April 4th is Refugee Rights Day in Canada—marking the day the Supreme Court recognized the rights of refugees to fair hearings, and other Charter rights ensured to Canadians. Bill C-31, currently before parliament, threatens these rights.

Rainbow Refugee is deeply concerned that Bill C-31 undermines the chances for LGBT refugee claimants to receive a fair decision. Canada was among the first countries to grant refugee protection to people facing persecution because of their sexual orientation or gender identity. Twenty-one countries now do so. This protection is vital in a world where lesbian gay bi trans people face criminal sanctions in no fewer than 76 countries, and the death penalty in at least five.

If Bill C-31 passes, the Minister of Citizenship and Immigration, Jason Kenney will be able to create a list of “designated” countries, presumed safe. People from these designated countries will not have the right of appeal. In a brief to parliamentarians, Rainbow Refugee states, “A “safe” country list cannot accommodate the current state complexity and flux in persecution and protection of lesbian gay gi trans (LGBT) people. Extreme forms of homophobic and transphobic violence often co-exist with constitutional protection for LGBT people on paper, particularly in newer democracies. South Africa recognizes same-sex marriage. Yet, human rights organizations there report ten cases a week in which lesbians have been targeted for “corrective rape” and police have done nothing to investigate.”   As Rainbow Refugee founder Chris Morrissey argues “It is precisely when country conditions appear safe on paper that LGBT refugee decisions are most complex, and the safety net of an appeal is most critical.”

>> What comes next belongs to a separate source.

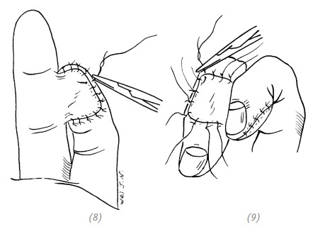 Рис. 2–11. Закрытие раны после ампутации кончика (ногтевой фаланги) пальца
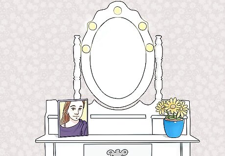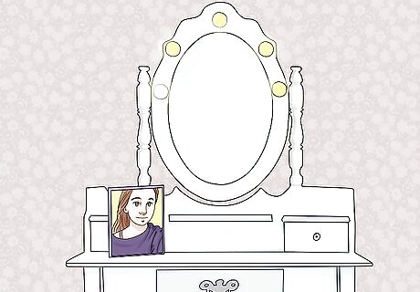 Set out some photos. Place a few framed pictures of your loved ones along the rear edge of the table where you can glance at them while you’re getting ready. Since your dressing table is one of the main focal points of the bedroom, it makes a great place to show off your spouse, children, or pets. Be sure to situate framed photos someplace where they won’t accidentally be knocked over and broken.

Research on LGBT refugee settlement conducted by Dr. Sharalyn Jordan, Assistant Professor of Counselling Psychology at Simon Fraser University, and an active member of Rainbow Refugee, suggests that the expedited timelines proposed in Bill C-31 may undermine the ability of LGBT claimants to present their case. Jordan points out “LGBT refugees have left countries where they have been under surveillance, arrested, imprisoned, extorted, assaulted, and for some, tortured, because of their sexuality or gender identity. Survival has required remaining hidden and vigilant.  These survival tactics do not disappear on arrival. Shame related to stigma, and the impacts of sexual trauma can interfere with claimants’ ability to give a clear, coherent account.” Proving a sexual orientation or gender identity that they have struggled to keep secret is challenging for LGBT claimants. Rainbow Refugee remarks that refugee claimants have been sent back to harm because they have been unable to prove their identity, or demonstrate that the harms they face constitute persecution. Bill C-31 shortens the time refugee claimants have to prepare a written claim from 28 days, to 15 days.  Hearings will be scheduled only 30 days later for people from designated countries, and 45 days later for others.  The expedited time-frame proposed in the background to C-31 will not give LGBT claimants a fair chance to obtain competent legal counsel, prepare themselves, or their evidence. Rainbow Refugee fears that many LGBT claimants will be inadequately prepared for hearings, resulting in poor decisions and unfair rejections.

Humanitarian and Compassionate consideration is an important means of protecting people who are in danger, but whose circumstances may not meet the criteria for Convention Refugee protection.  This is the case for people fleeing homophobic or transphobic violence in countries where protection for LGBT persons is uneven and hard to access. However, Bill C-31 eliminates this safety net by placing a 12 month Ban on applications for permanent residence on humanitarian and compassionate (H&C) grounds and Pre-Removal Risk Assessment for refugee claimants who receive a negative decision.